§ **THE PROBLEM**
For every record below, repeat the text exactly and pass over any image.

§ **EXCERPTED DATA**
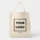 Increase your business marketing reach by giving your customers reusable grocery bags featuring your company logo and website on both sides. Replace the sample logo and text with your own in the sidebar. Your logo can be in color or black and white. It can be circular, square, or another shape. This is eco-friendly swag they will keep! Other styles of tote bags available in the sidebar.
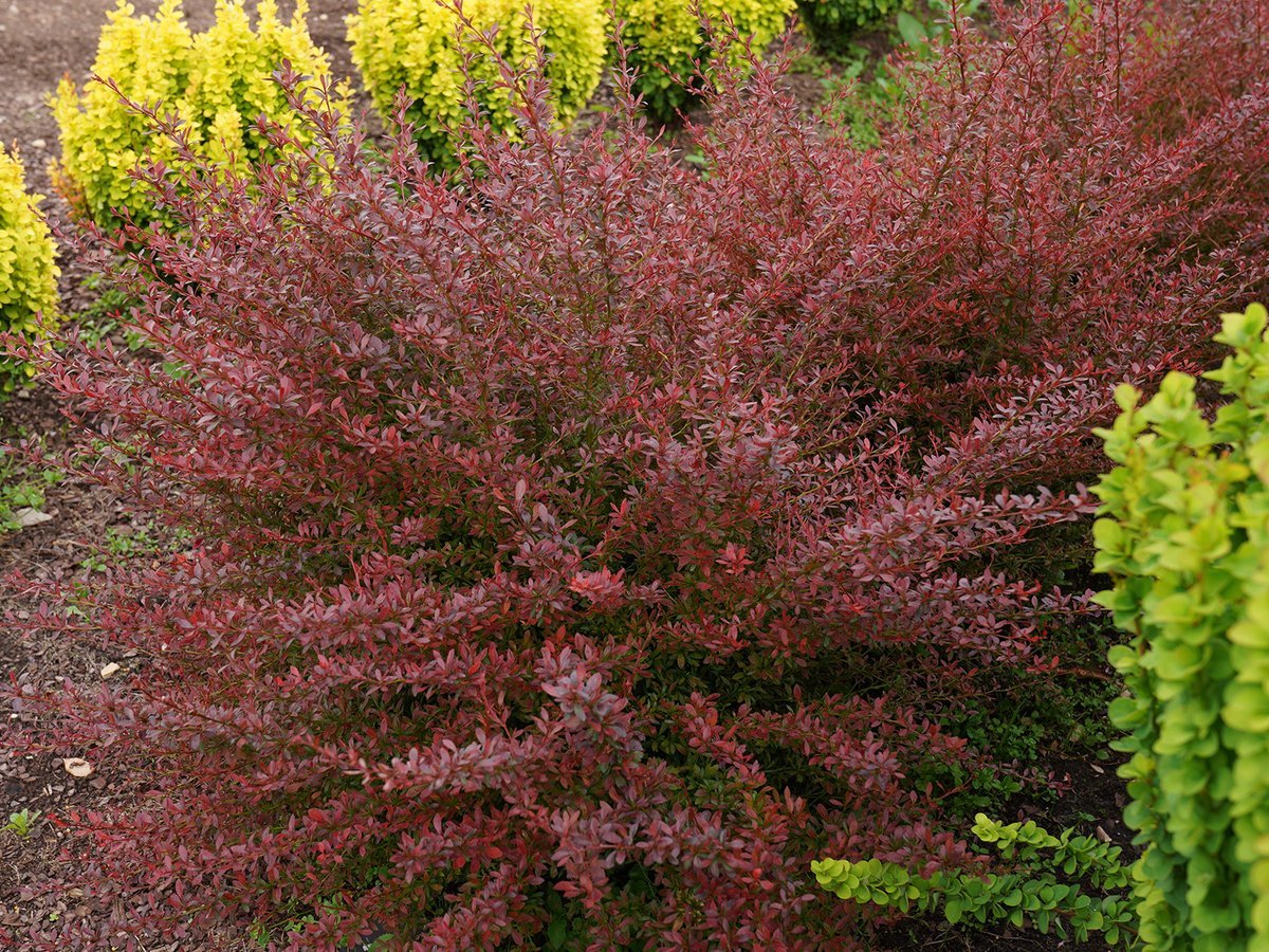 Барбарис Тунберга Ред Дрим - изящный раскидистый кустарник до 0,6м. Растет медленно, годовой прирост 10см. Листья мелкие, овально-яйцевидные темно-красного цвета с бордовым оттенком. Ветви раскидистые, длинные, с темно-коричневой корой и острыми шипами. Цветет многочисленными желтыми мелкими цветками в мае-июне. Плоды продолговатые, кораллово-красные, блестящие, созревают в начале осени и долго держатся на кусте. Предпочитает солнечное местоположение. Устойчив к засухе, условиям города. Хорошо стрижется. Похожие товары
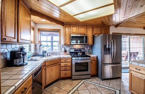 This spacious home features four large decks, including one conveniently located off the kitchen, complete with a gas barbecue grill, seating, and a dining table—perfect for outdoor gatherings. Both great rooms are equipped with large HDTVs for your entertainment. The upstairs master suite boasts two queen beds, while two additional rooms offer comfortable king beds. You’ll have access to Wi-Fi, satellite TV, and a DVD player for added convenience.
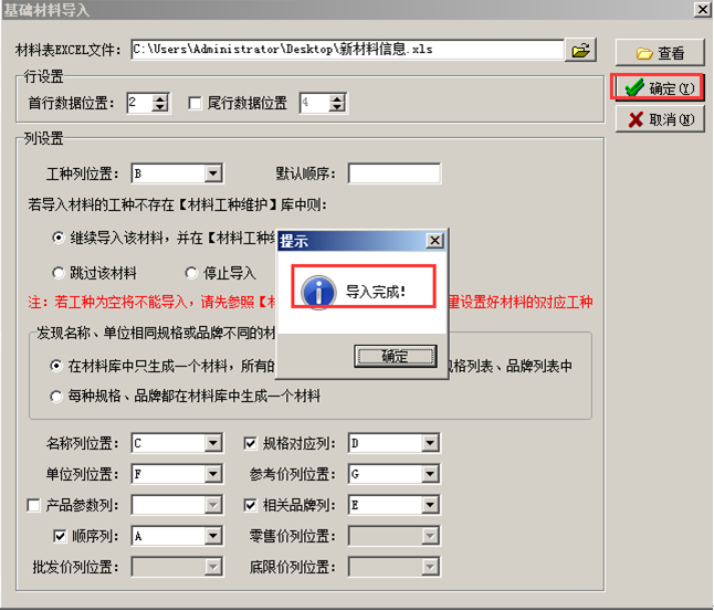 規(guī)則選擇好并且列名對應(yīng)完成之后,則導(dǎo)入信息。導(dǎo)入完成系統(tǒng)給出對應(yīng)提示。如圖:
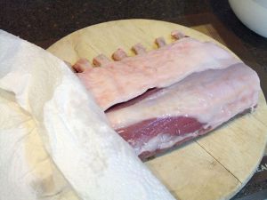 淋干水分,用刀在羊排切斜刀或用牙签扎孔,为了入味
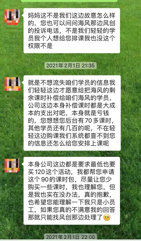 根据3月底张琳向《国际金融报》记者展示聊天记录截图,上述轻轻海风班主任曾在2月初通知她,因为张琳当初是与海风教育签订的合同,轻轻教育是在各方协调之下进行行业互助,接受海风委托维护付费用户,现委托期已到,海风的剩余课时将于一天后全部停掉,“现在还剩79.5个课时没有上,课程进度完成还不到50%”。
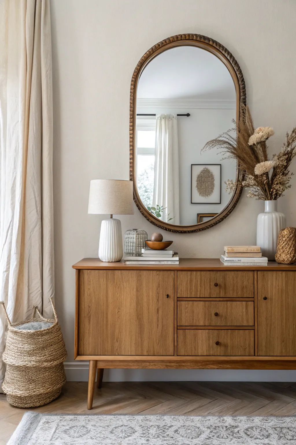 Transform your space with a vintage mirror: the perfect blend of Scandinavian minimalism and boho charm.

§ **TASK OUTPUT**
 Increase your business marketing reach by giving your customers reusable grocery bags featuring your company logo and website on both sides. Replace the sample logo and text with your own in the sidebar. Your logo can be in color or black and white. It can be circular, square, or another shape. This is eco-friendly swag they will keep! Other styles of tote bags available in the sidebar.
 Барбарис Тунберга Ред Дрим - изящный раскидистый кустарник до 0,6м. Растет медленно, годовой прирост 10см. Листья мелкие, овально-яйцевидные темно-красного цвета с бордовым оттенком. Ветви раскидистые, длинные, с темно-коричневой корой и острыми шипами. Цветет многочисленными желтыми мелкими цветками в мае-июне. Плоды продолговатые, кораллово-красные, блестящие, созревают в начале осени и долго держатся на кусте. Предпочитает солнечное местоположение. Устойчив к засухе, условиям города. Хорошо стрижется. Похожие товары
 This spacious home features four large decks, including one conveniently located off the kitchen, complete with a gas barbecue grill, seating, and a dining table—perfect for outdoor gatherings. Both great rooms are equipped with large HDTVs for your entertainment. The upstairs master suite boasts two queen beds, while two additional rooms offer comfortable king beds. You’ll have access to Wi-Fi, satellite TV, and a DVD player for added convenience.
 規(guī)則選擇好并且列名對應(yīng)完成之后,則導(dǎo)入信息。導(dǎo)入完成系統(tǒng)給出對應(yīng)提示。如圖:
 淋干水分,用刀在羊排切斜刀或用牙签扎孔,为了入味
 根据3月底张琳向《国际金融报》记者展示聊天记录截图,上述轻轻海风班主任曾在2月初通知她,因为张琳当初是与海风教育签订的合同,轻轻教育是在各方协调之下进行行业互助,接受海风委托维护付费用户,现委托期已到,海风的剩余课时将于一天后全部停掉,“现在还剩79.5个课时没有上,课程进度完成还不到50%”。
 Transform your space with a vintage mirror: the perfect blend of Scandinavian minimalism and boho charm.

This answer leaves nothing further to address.